Agreed -- p.s. one experiment I'm trying to push is on-the-fly per-page translation of each of our books using a translation API.

We have several different projects in the mix which are not mutually exclusive w/ this Open Libraries Wishlist. This wishlist is for a very specific program (openlibraries.online).

We are independently funding large e.g. LGBT collections, Indian collections, etc. These just happen to be separate initiatives which are independently funded.

I think we're unlikely to see a huge multi-lingual emphasis in the openlibraries specific push. I think IA is focusing on books a lot of libraries have for this initiative, as a way to potentially help them migrate online. It would be great if we could build a defensible library system any library could contribute to a la the Open Content Alliance back in 2008 cerca OL's inception: http://www.infotoday.com/searcher/jan08/Ashmore_Grogg.shtml

tfmorris commented 5 years ago

OK, so it's US English only and that's not going to change. Can we at least get access to the metadata so we can judge its quality?

tfmorris commented 5 years ago

I propose the OpenLibrary defer this task until Internet Archive is more transparent about this list. I heard a (hyperlocal) podcast just the other day touting how OpenLibrary could benefit the low income marginalized in Africa, Asia, etc. An American community library "wish" list isn't at all relevant to them.

hornc commented 5 years ago

Some stats, Out of 2000 randomly sampled English books on the Wishlist: 239 NOT FOUND 12% (not found on OL or elsewhere) 203 CREATED 10% (Record created from new metadata) 1558 FOUND 78% (OL already had a record for the ISBN)

Out of 2000 randomly sampled Non-English ISBNs on the Wishlist: 822 NOT FOUND 40% (not found on OL or elsewhere) 289 CREATED 15% (Record created from new metadata) 888 FOUND 45% (OL already had a record for the ISBN)
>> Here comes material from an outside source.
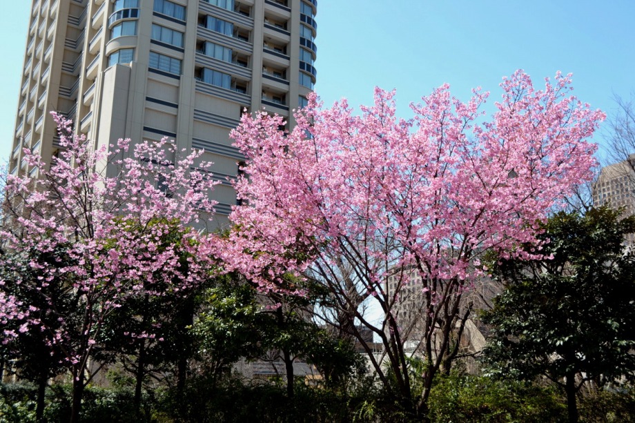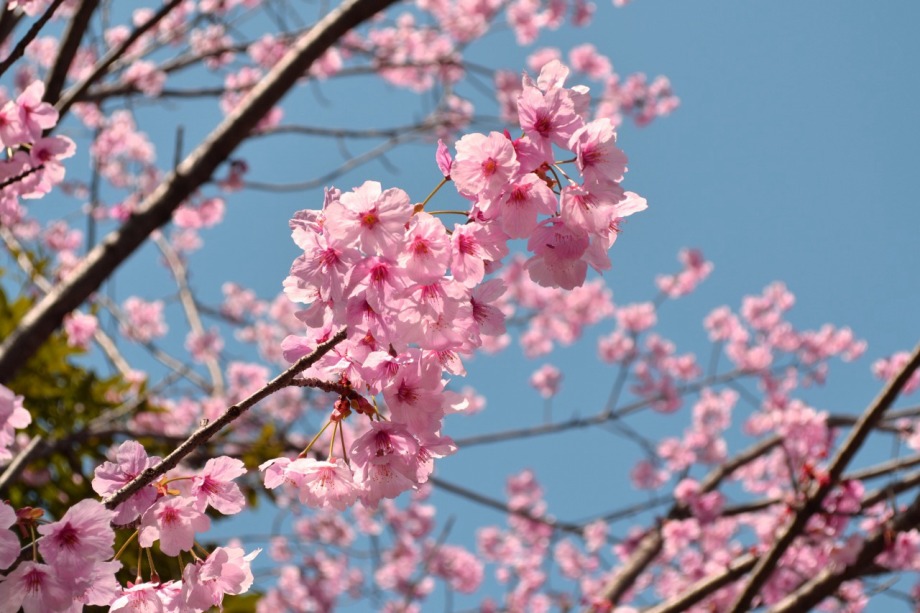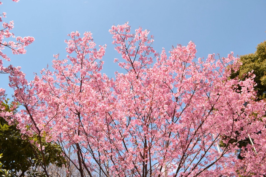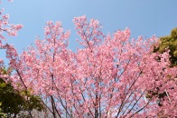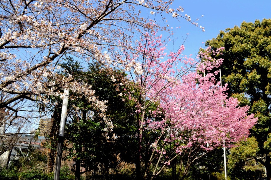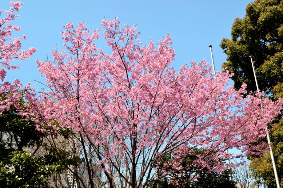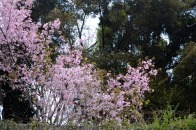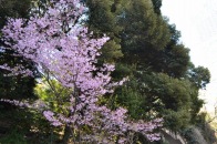 「一言」愛宕神社のお花の写真を撮りに行きました。愛宕神社の前の道にはネコヤナギがたくさん咲いていました。 愛宕神社の境内には濃いピンクの色の大きな木がいっぱい花をつけていて綺麗でした。白い花も咲いていました。 山の中腹には早咲きの桜が咲いていました。

75% of the ~1.5M ISBNs are English, 12% are German, which seems to be the next biggest category. I'm planning on creating a tool to analyse ISBN lists by allocated Agency (which in most cases equates to country), so we can get a better indication of book sources from any large list of ISBNs. These are some other counts sampling various countries: fra=38516 ger=184027 jap=6922 former-ussr=15114 ind=6725 ita=26585 mex=3352

Importing the Non-English ISBNs into OL seems to give a slightly higher new item rate. The most obvious source of non-English items on the wishlist is probably the international Wikipedia citation lists that were used (items with more than one citation). The bulk of the wishlist is already on OL, so this task is about filling in the gaps, and the biggest gap is in the non-English books.

If there are good quality sources of diverse bulk ISBNs (or full metadata!) we can import, point me to them and I can run the imports in parallel.

mekarpeles commented 5 years ago

I think @hornc finished this!